IEEE Access (Jan 2019)
Dissection on Java Organs in GitHub Repositories
Abstract
Organ transplantation has brought convenience for software reuse and evolution since it was proposed. However, studies about mature, high-quality organs are still insufficient. It is still unclear about the detailed characteristics of organs in the open-source environment. In this paper, we look deep into organs obtained from software evolution processes of the ten large-scale Java repositories hosted on GitHub, aiming at providing practical information for utilizing organs in the open-source environment.
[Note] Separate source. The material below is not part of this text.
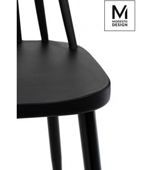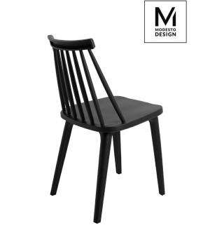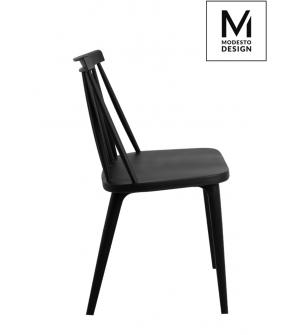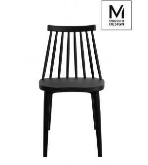 Krzesło SOHO marki MODESTO DESIGN. Całość wykonana z polipropylenu w kolorze czarnym matowym. Krzesło sprawdzi się zarówno w nowoczesnym salonie, na tarasie lub balkonie. Krzesła Soho można sztaplować.Waga netto 1 szt.: 4,45 kg Waga opakowania: 5 kg Wymiary paczki: 70 cm x 42 cm x 83 cm Sposób wysyłki: Paczka Produkt złożony: Tak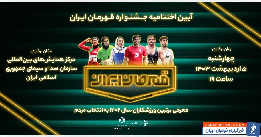 پس از مشارکت چشم گیر مخاطبان شبکه ورزش سیما در رای گیری قهرمان ایران که به انتخاب برترین ورزشکاران سال ۱۴۰۲ پرداخت، قرار است پنجم اردیبهشت ماه با پخش زنده تلویزیونی همزمان شبکه ورزش و شبکه سه برترین ورزشکاران سال ۱۴۰۲ در اختتامیه جشنواره قهرمان ایران معرفی شوند.

We found that: 1) commits use add as a keyword in their comments possess the most organs, occupying 38% of the total amount, but commits with the keyword fix possess the highest locating accuracy (about 57%); 2) developers prefer to add new classes when they bring new functionalities to the projects in that the proportion of class level organs is 40%, more than statement level organs' and function level organs' (35% and 25%, respectively); 3) nearly 70% of the total amount are cross-file organs with the median of the number of files each organ spans reaching three and the average of this value being around four; 4) a small number (0.55%) of organs are multi-commit; 5) more than 40% of code reuse in the open-source software can be finished by organ transplantation. Based on our findings, we highlight implications for future studies and design the mode of using organs to conduct code reuse.